Where $espod is the name of one of your Elasticsearch pods. You may have multiple definitions for a field, one for each index in which the field is defined. In origin-aggregated-logging, we create a new index for each day and for each namespace, so you may have many such definitions, and you may have different definitions, if some other index has "field2" with a different type. With the _mapping command above, the fields are listed by index. You can use a tool like jq to parse apart the JSON returned.

Can I force Elasticsearch to store everything as a string?

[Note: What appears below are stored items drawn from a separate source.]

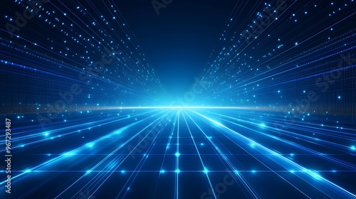 A stunning abstract background showcasing vibrant blue light trails converging towards a bright horizon, symbolizing speed and innovation.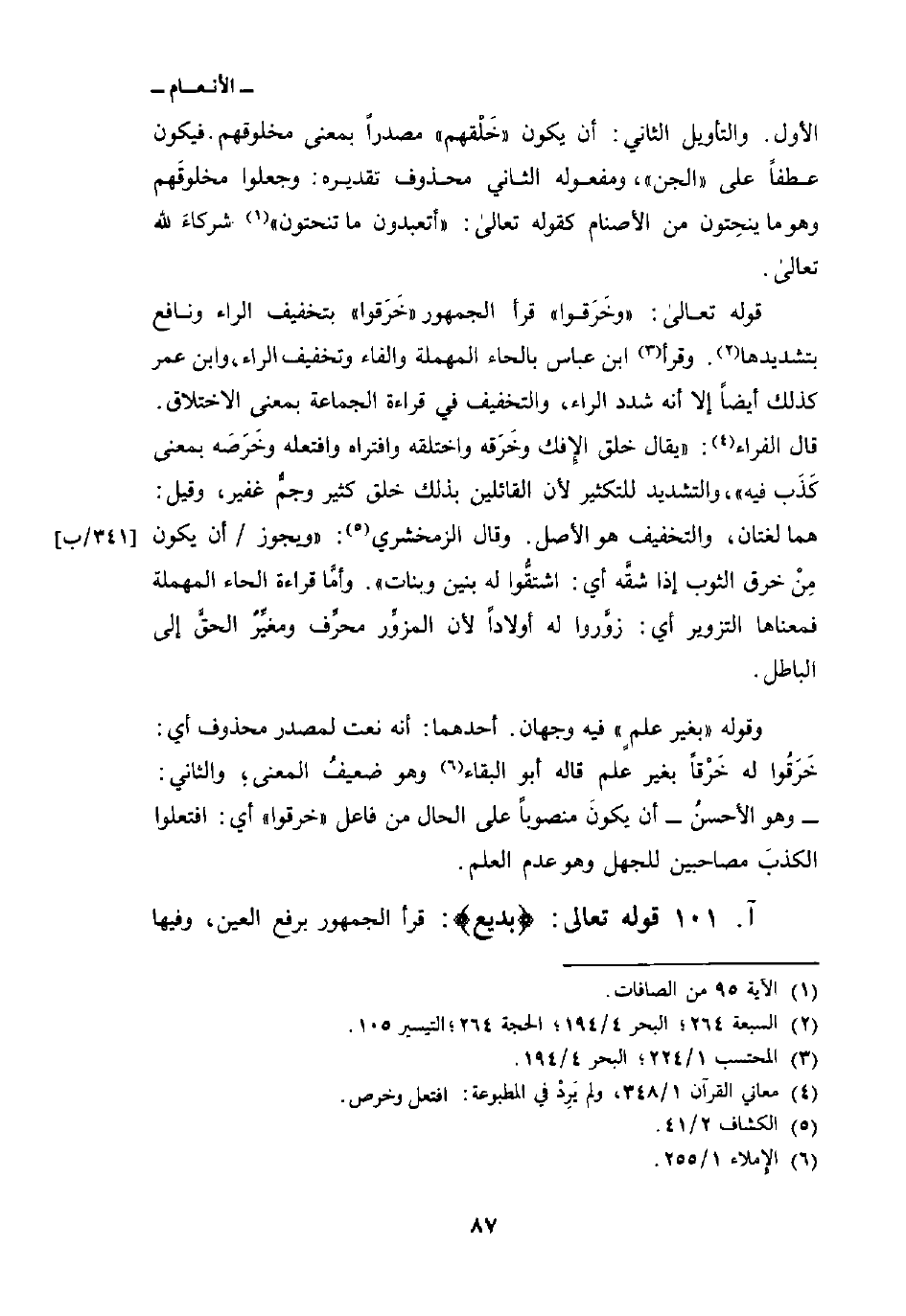 قوله تعالى: «وخَرَقوا» قرأ الجمهور «خَرَقوا» بتخفيف الراء ونافع بتشديدها. وقرأ ابن عباس بالحاء المهملة والفاء وتخفيف الراء، وابن عمر كذلك أيضاً إلا أنه شدد الراء، والتخفيف في قراءة الجماعة بمعنى الاختلاق. قال الفراء: «يقال خلق الإِفك وخَرَقه واختلقه وافتراه وافتعله وخَرَصَه بمعنى كَذَب فيه» ، والتشديد للتكثير لأن القائلين بذلك خلق كثير وجمٌّ غفير، وقيل: هما لغتان، والتخفيف هو الأصل. وقال الزمخشري: «ويجوز/ أن يكون مِنْ خرق الثوب إذا شقَّه أي: اشتقُّوا له بنين وبنات» . وأمَّا قراءة الحاء المهملة فمعناها التزوير أي: زوَّروا له أولاداً لأن المزوِّر محرِّف ومغيِّرٌ الحقَّ إلى الباطل.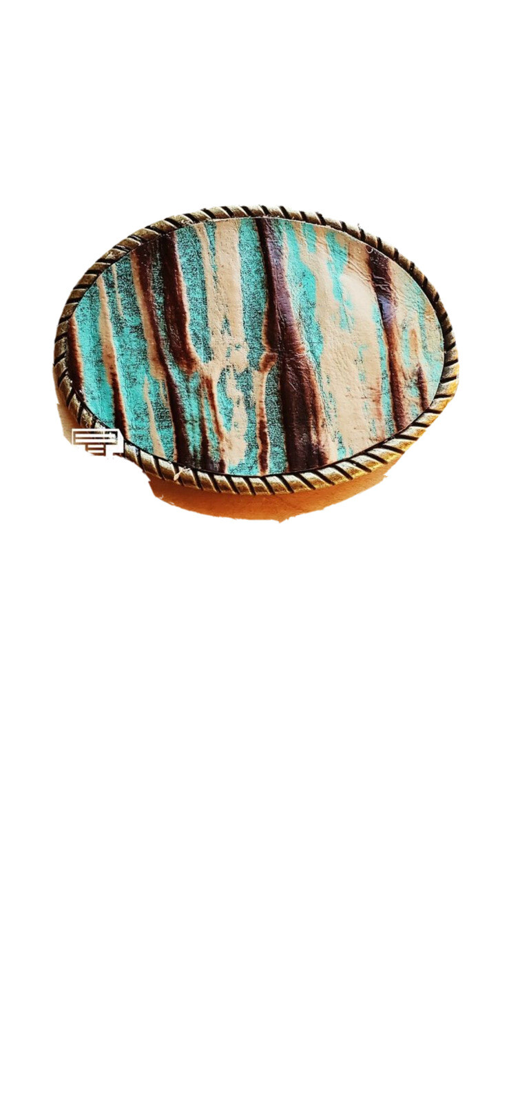 Rope Edge Cowboy Turquoise Leather Belt Buckle. This unique statement piece is the perfect accessory to complete your wardrobe. We offer hair-on-hide leathers or embossed hand-finished styles. Gorgeous Statement Piece Approximately 4" long by 3" wide. Antique gold finish Easily attaches to any belt with snaps or screw-in rivets
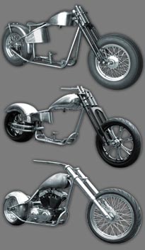 Motorcycle Frames available from stock tire width to the massive 360 tire frames. Each frame is made in-house to our exacting specifications, and are available with the most popular configurations. Or, for a small additional charge, you can spec your own frame to meet your needs.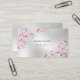 This professional business card features pink cherry blossom branches on a faux silver foil background and elegant modern minimalist fonts. Fitting for makeup artists, spa, landscaping, wedding planners, event planners, cosmetologists, beauty salon...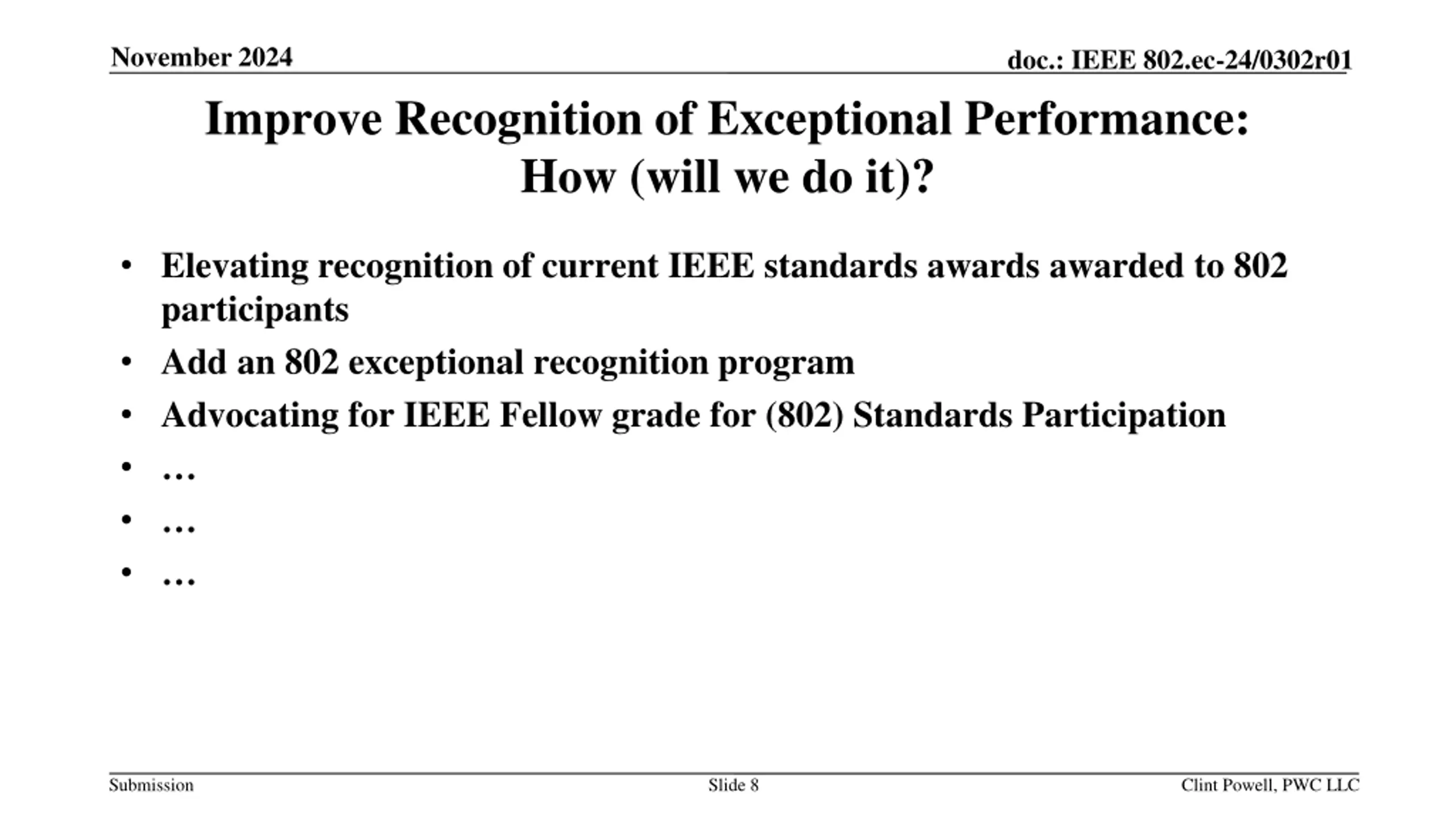 November 2024 doc.: IEEE 802.ec-24/0302r01 Improve Recognition of Exceptional Performance: How (will we do it)? Elevating recognition of current IEEE standards awards awarded to 802 participants Add an 802 exceptional recognition program Advocating for IEEE Fellow grade for (802) Standards Participation Submission Slide 8 Clint Powell, PWC LLC

Not exactly. Using the dynamic templates API you might consider adding a dynamic mapping that forces every value to be a string:

{
    "order": 20,
    "mappings": {
      "_default_": {
        "dynamic_templates": [
        {
          "force_all_to_string": {
            "match_mapping_type": "*",
            "mapping": {
              "type": "text",
              "fields": {
                "raw": {
                  "type":  "keyword",
                  "ignore_above": 256
                }
              }
            }
          }
        }
        ]
      }
    },
    "template": ".operations.*"
}
cat force_string_template.json | oc exec -i -c elasticsearch $espod -- es_util --query=_template/force_all_to_string -X PUT -d@-

And that seems to work for some types:

oc exec -c elasticsearch $espod -- es_util --query=.operations.2019.03.23/com.redhat.viaq.common?pretty -XPOST -d '{"field1":"stringval"}'
{
  "_index" : ".operations.2019.03.23",
  "_type" : "com.redhat.viaq.common",
  "_id" : "AWmiLVg1uPjkpmElglqW",
  "_version" : 1,
  "result" : "created",
  "_shards" : {
    "total" : 1,
    "successful" : 1,
    "failed" : 0
  },
  "created" : true
}

Now I can add a numeric field1 value which will be converted to a string:

oc exec -c elasticsearch $espod -- es_util --query=.operations.2019.03.23/com.redhat.viaq.common?pretty -XPOST -d '{"field1":1000}'
{
  "_index" : ".operations.2019.03.23",
  "_type" : "com.redhat.viaq.common",
  "_id" : "AWmiLdOnuPjkpmElglqY",
  "_version" : 1,
  "result" : "created",
  "_shards" : {
    "total" : 1,
    "successful" : 1,
    "failed" : 0
  },
  "created" : true
}

However, if field1 is a Hash or Array:

oc exec -c elasticsearch $espod -- es_util --query=.operations.2019.03.23/com.redhat.viaq.common?pretty -XPOST -d '{"field1":{"field11":"value"}}'
{
  "error" : {
    "root_cause" : [
      {
        "type" : "mapper_parsing_exception",
        "reason" : "failed to parse [field1]"
      }
    ],
    "type" : "mapper_parsing_exception",
    "reason" : "failed to parse [field1]",
    "caused_by" : {
      "type" : "illegal_state_exception",
      "reason" : "Can't get text on a START_OBJECT at 1:11"
    }
  },
  "status" : 400
}

Elasticsearch cannot convert the value to a string.